Keef T, Twarock R
Department of Mathematics, University of York, York, YO10 5DD, UK.
J Math Biol. 2009 Sep;59(3):287-313. doi: 10.1007/s00285-008-0228-5. Epub 2008 Nov 1.
Since the seminal work of Caspar and Klug on the structure of the protein containers that encapsulate and hence protect the viral genome, it has been recognised that icosahedral symmetry is crucial for the structural organisation of viruses.

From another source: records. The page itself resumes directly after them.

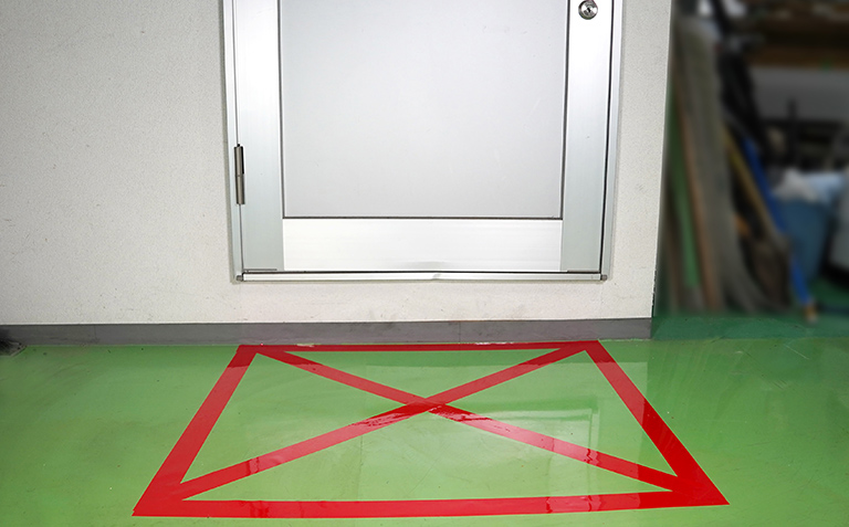 安全対策が必要なゾーンにラインテープを貼るだけで注意喚起に。
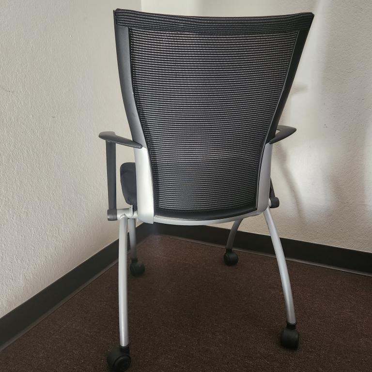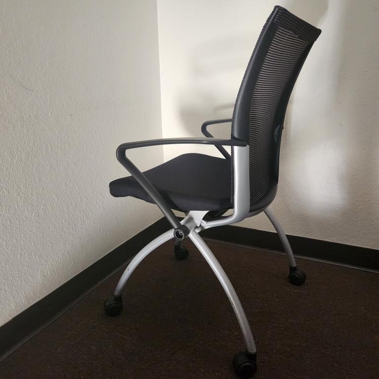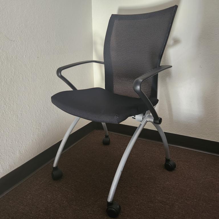 Description Condition: Gently Pre Owned Brand: Haworth Model: X99 Features: Foldable, Stacking, Mesh Back Fabric Seat, Finishes: Charcoal, Steel Frame, Mesh Back
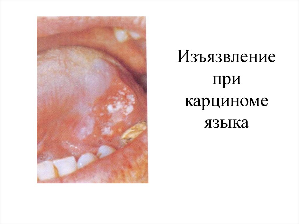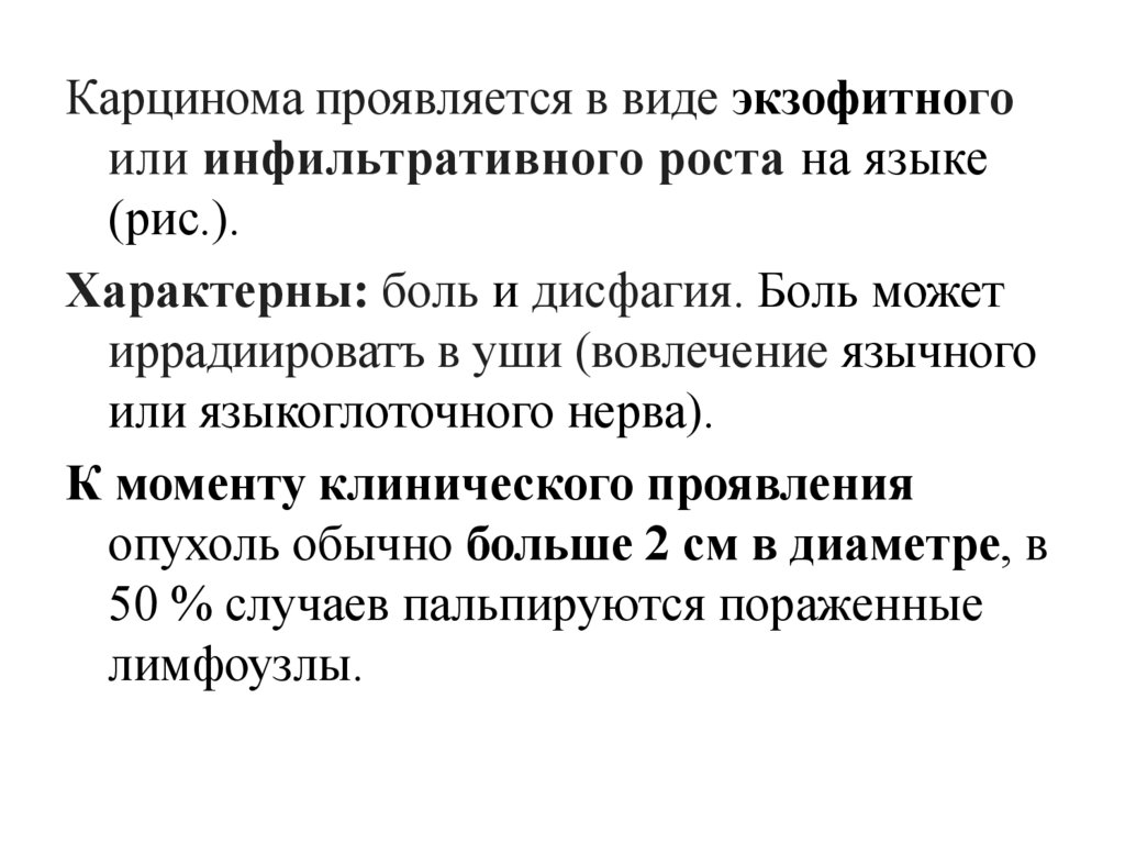 Карцинома проявляется в виде экзофитногоили инфильтративного роста на языке
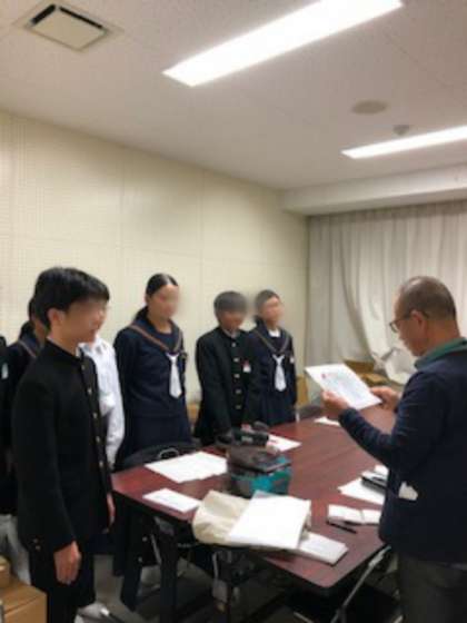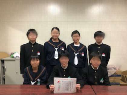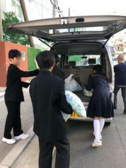 先日ご協力いただきました赤い羽根共同募金と昨年度よりご協力いただいておりますペットボトルキャップは生徒会が代表して鶴見区社会福祉協議会にお渡ししました。募金の総額は10,007円でした。
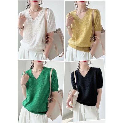 サマーニット ニットソー レディース シャツ 無地 春 夏 ニット トップス ブラウス Tシャツ シャツブラウス 体型カバー 半袖 ニットカットソー
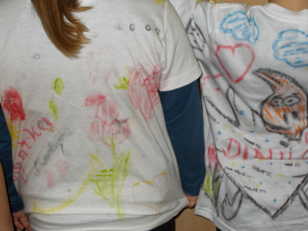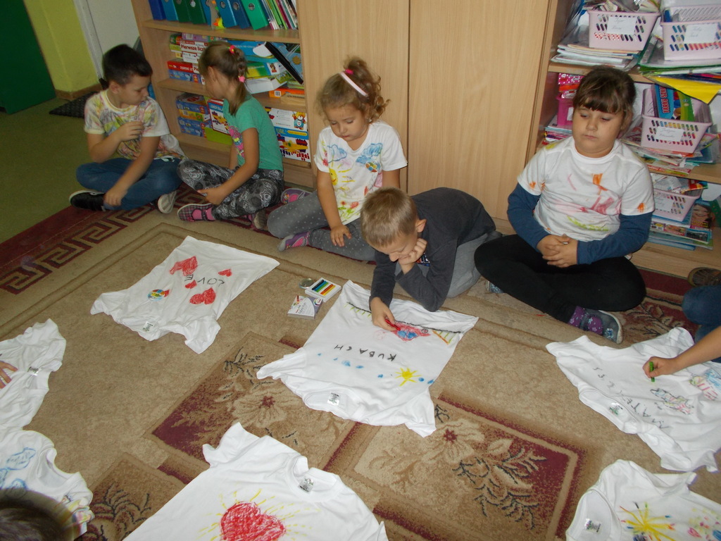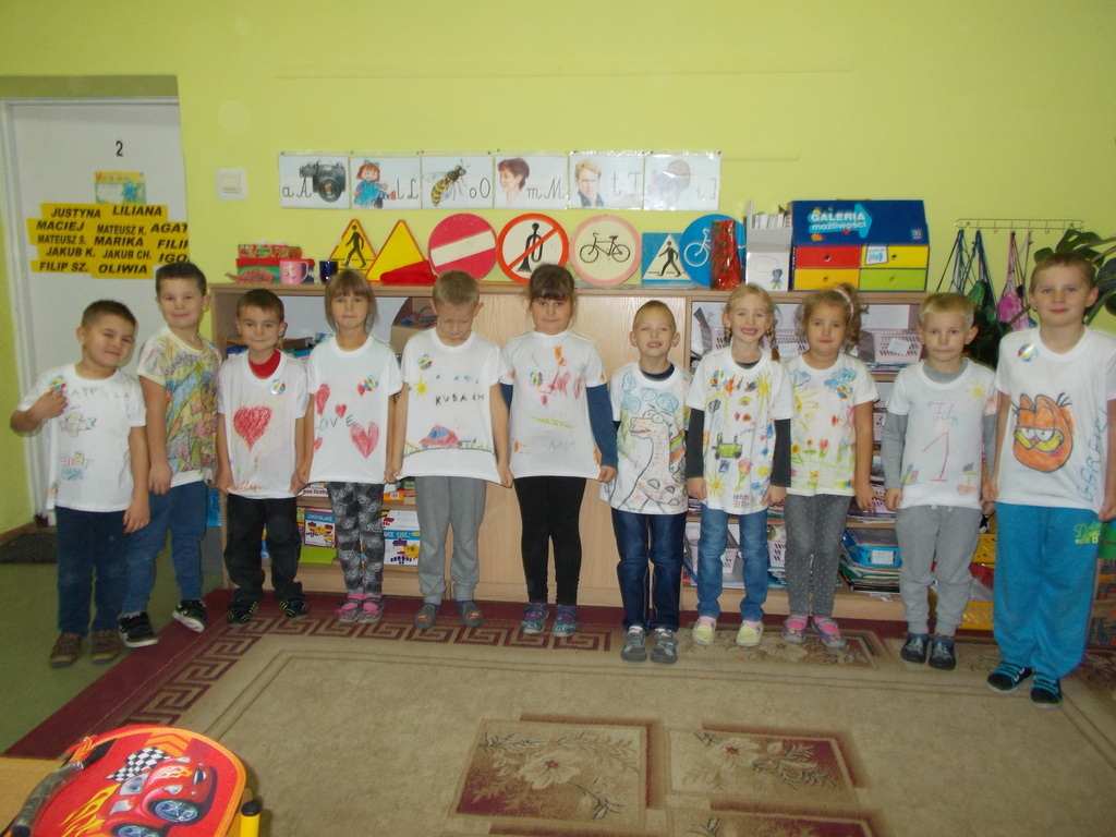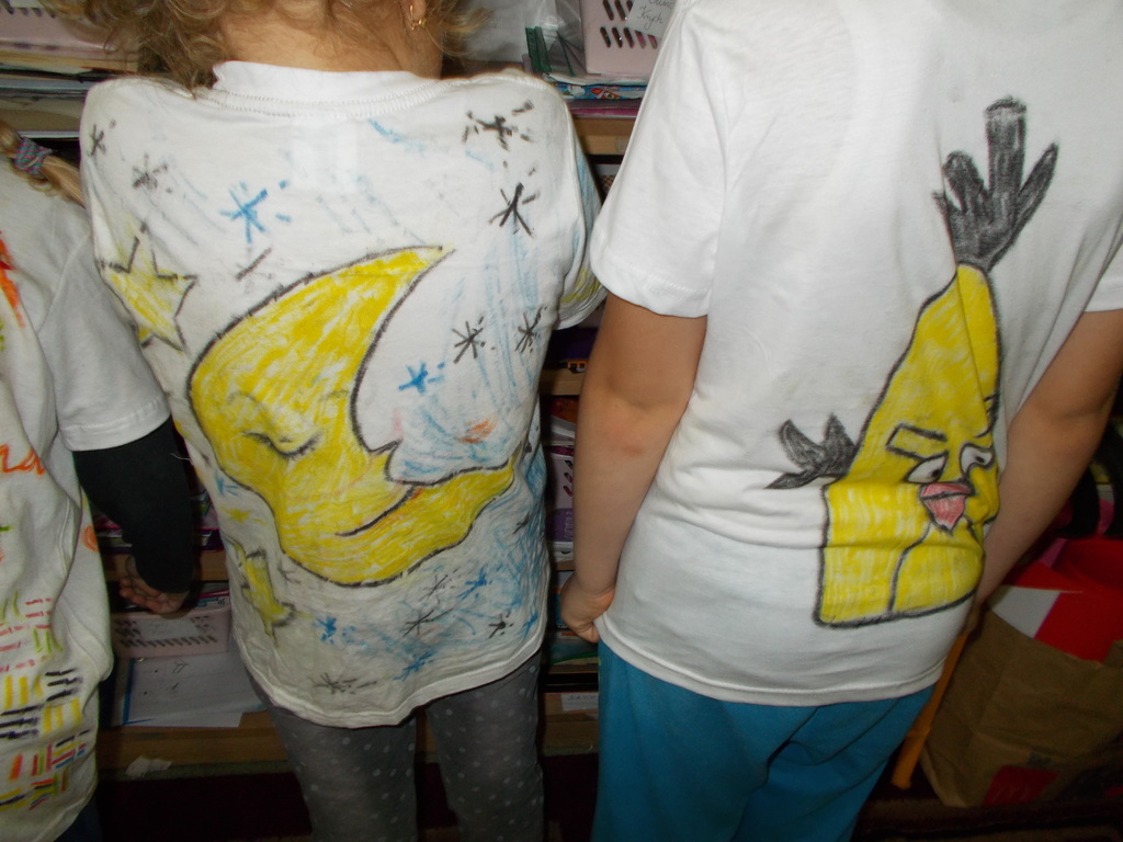 Uczniowie klasy I uwielbiają malować, więc w dniu swojego Ślubowania otrzymali od rodziców prezent - białą koszulkę wraz z pastelami. Mogli oni stworzyć niepowtarzalną i oryginalną koszulkę, jakiej nikt inny nie będzie miał. Na koszulkach pojawiły się postacie z bajek, dinozaury, kwiaty, serca i wiele innych ciekawych rzeczy.
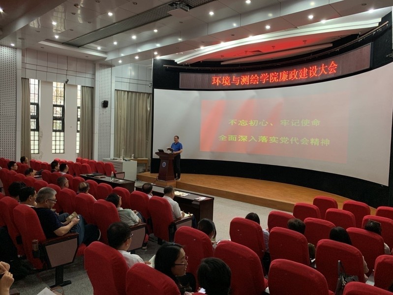 9月4日下午,肉漫画 于环测楼B109报告厅召开了廉政建设大会,院党委书记李长贵作报告,肉漫画 全体教职工到场旁听。
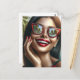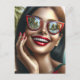 Keep in touch with this cute postcard. A beautiful happy woman smiling with red lipstick and sunglasses with a reflection of palm trees in them.
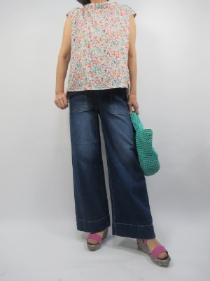 ボトムスにボリュームをつけるとトップスは軽めが良い。小花柄のキュートなデザインでまとめてみました。GWのアウトドアをおしゃれに演出してくれるコーデです!
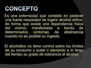 El alcoholismo esla consecuencia del consumo abusivo del alcohol y se
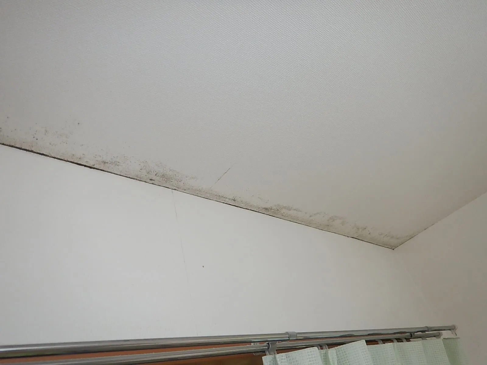 天井の隅やカーテンレール上などに黒カビが出ている場合、実は壁や天井の内部で結露が起きているサインです。
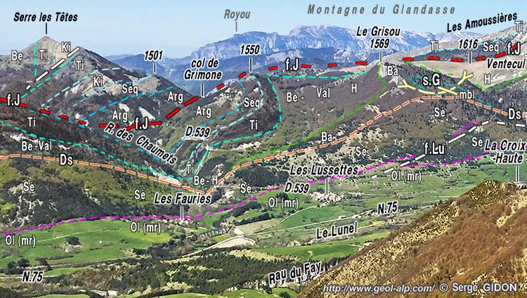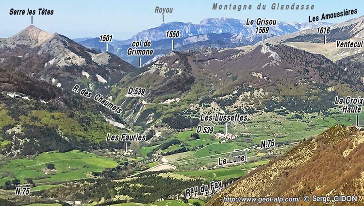 La partie la plus large de la cuvette de Lus, qui se situe à la latitude de cette localité, correspond à un ensellement* du grand synclinal de Lus : son axe, orienté N-NW - S-SE, s'élève en effet vers le nord, pour passer au dessus du Trièves, et vers le sud pour passer au dessus du vallon de Durbon. Ceci a pour effet, dans les deux cas, de faire réapparaître à l'affleurement les terrains anté-sénoniens (dans lesquels la structure synclinale N-S ne se distingue plus que difficilement car elle y interfère avec les plis E-W anté-sénoniens, plus énergiques et de ce fait beaucoup plus visibles).
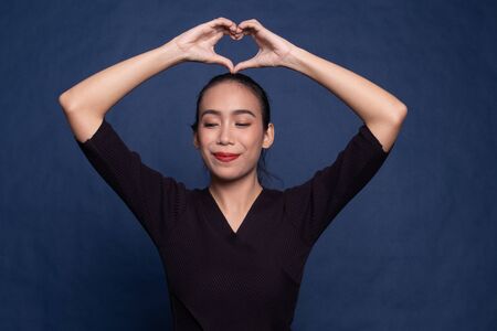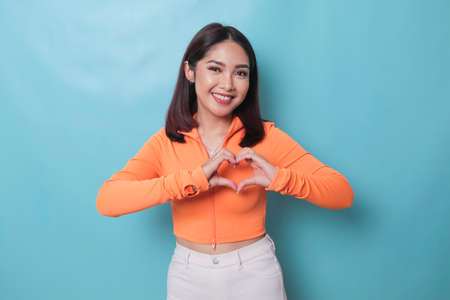 Attractive young Asian woman feels happy and romantic shapes heart gesture expresses tender feelings wears casual orange top against blue background. People affection and care concept
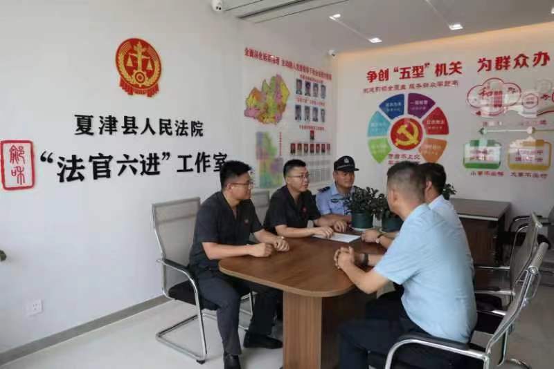 圖為2022年7月4日,夏津縣人民法院“鄃和·法官六進(jìn)”工作室速裁團(tuán)隊對一起民間借貸糾紛開展訴前調(diào)解工作。德州市委政法委供圖
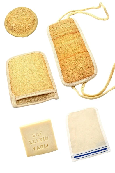 5'li Banyo Hamam Kese Seti Doğal Kabak Lifi Yüz + Vücud + Sırt + Sabun + Kese // Set7
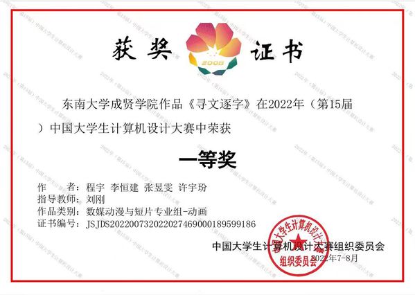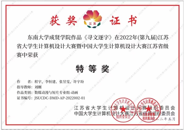 近日,2022年(第15届)中国大学生计算机设计大赛落下帷幕。由建筑与艺术设计艳照门 动画专业刘刚老师指导的程宇、李恒建、张昱雯、许字玢等学生团队作品《寻文逐字》继获得江苏省“特等奖”后,荣获国赛“一等奖”。
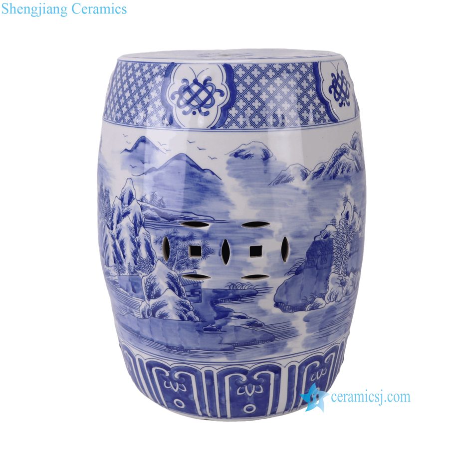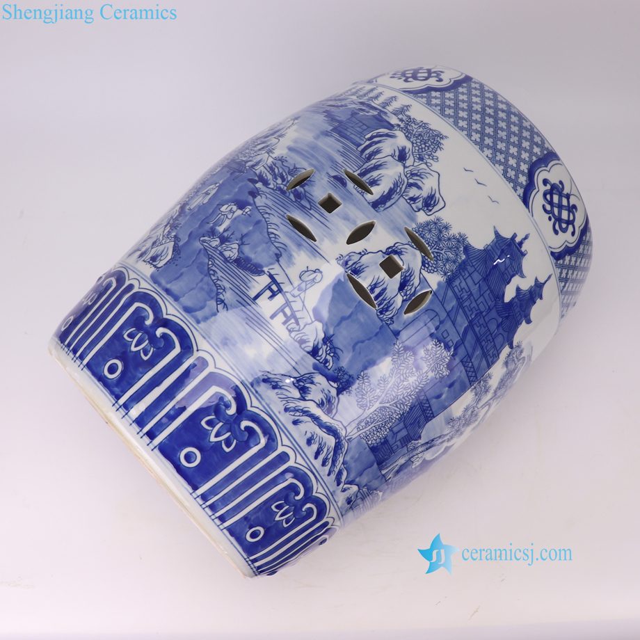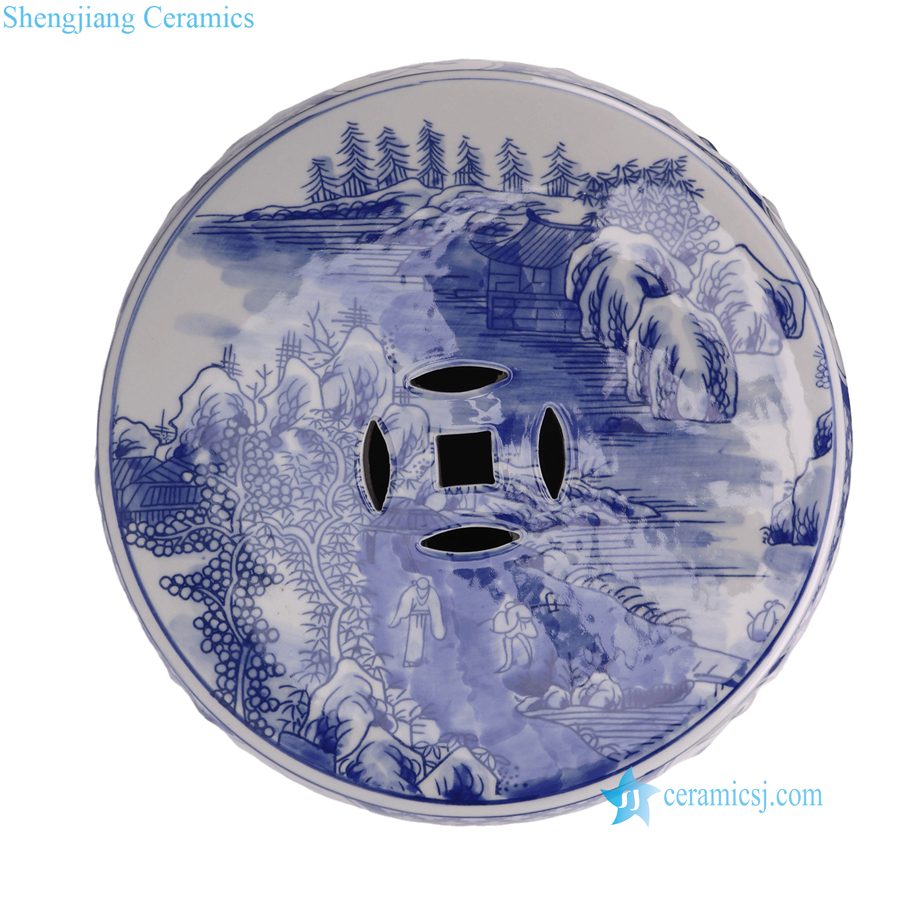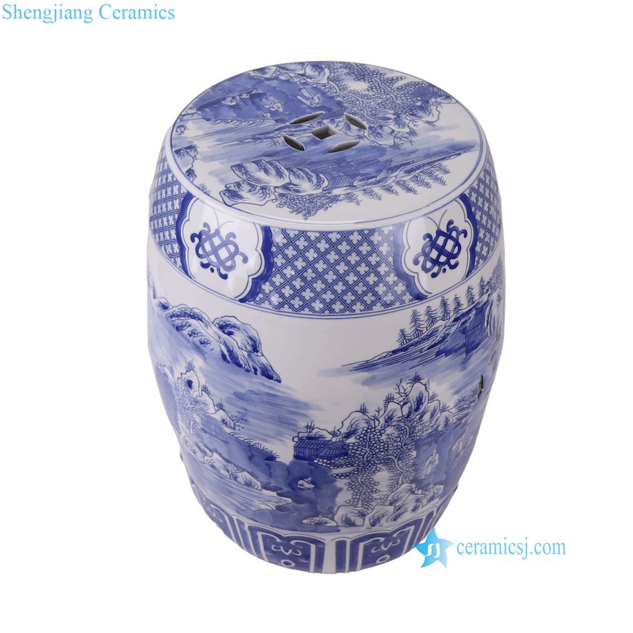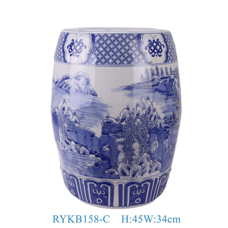 RYKB158-C Wholesale Blue White Landscape Motif Porcelain Stool for Home Decor Balcony Garden
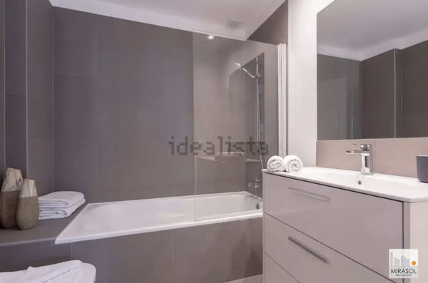 La vivienda cuenta con un amplio salón, dos dormitorio, dos baños y aseo, el baño principal en suite. Cocina amueblada con modernos electrodomésticos, armarios empotrados, aire acondicionado y calefacción.
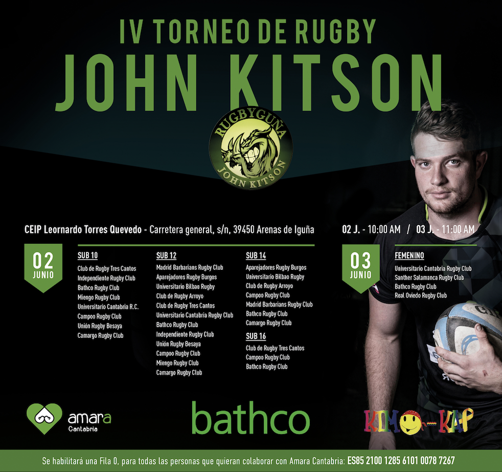 Los días 2 y 3 de junio de 2018 se celebrará el IV Torneo John Kitson organizado por RugbYguña Club y que tendrá lugar en el CEIP Leonardo Torres Quevedo de Arenas de Iguña. Como en ediciones anteriores el evento pretende que tanto participantes como público en general disfrute de un fin de semana en familia y que sean conocedores de los valores que promueve el rugby.
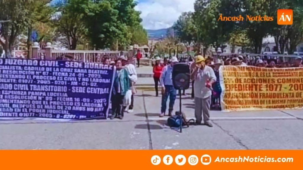 Un grupo de ex trabajadores de la Compañía Minera Santo Toribio volvió a movilizarse en Huaraz para exigir celeridad en el pronunciamiento de los jueces de la Corte Superior de Justicia de Áncash respecto al pago de acciones que, según indicaron, permanece sin resolverse desde hace más de dos décadas.

In particular, icosahedral symmetry has been invoked in order to predict the surface structures of viral capsids in terms of tessellations or tilings that schematically encode the locations of the protein subunits in the capsids. Whilst this approach is capable of predicting the relative locations of the proteins in the capsids, information on their tertiary structures and the organisation of the viral genome within the capsid are inaccessible. We develop here a mathematical framework based on affine extensions of the icosahedral group that allows us to describe those aspects of the three-dimensional structure of simple viruses. This approach complements Caspar-Klug theory and provides details on virus structure that have not been accessible with previous methods, implying that icosahedral symmetry is more important for virus architecture than previously appreciated.
自卡斯帕(Caspar)和克鲁格(Klug)关于封装并因此保护病毒基因组的蛋白质容器结构的开创性工作以来,人们已经认识到二十面体对称性对于病毒的结构组织至关重要。特别是,二十面体对称性已被用于根据镶嵌或平铺来预测病毒衣壳的表面结构,这些镶嵌或平铺示意性地编码了衣壳中蛋白质亚基的位置。虽然这种方法能够预测衣壳中蛋白质的相对位置,但关于它们的三级结构以及衣壳内病毒基因组的组织信息却无法获得。我们在此开发了一个基于二十面体群仿射扩展的数学框架,该框架使我们能够描述简单病毒三维结构的那些方面。这种方法补充了卡斯帕 - 克鲁格理论,并提供了以前方法无法获得的病毒结构细节,这意味着二十面体对称性对病毒结构的重要性比以前所认识到的更高。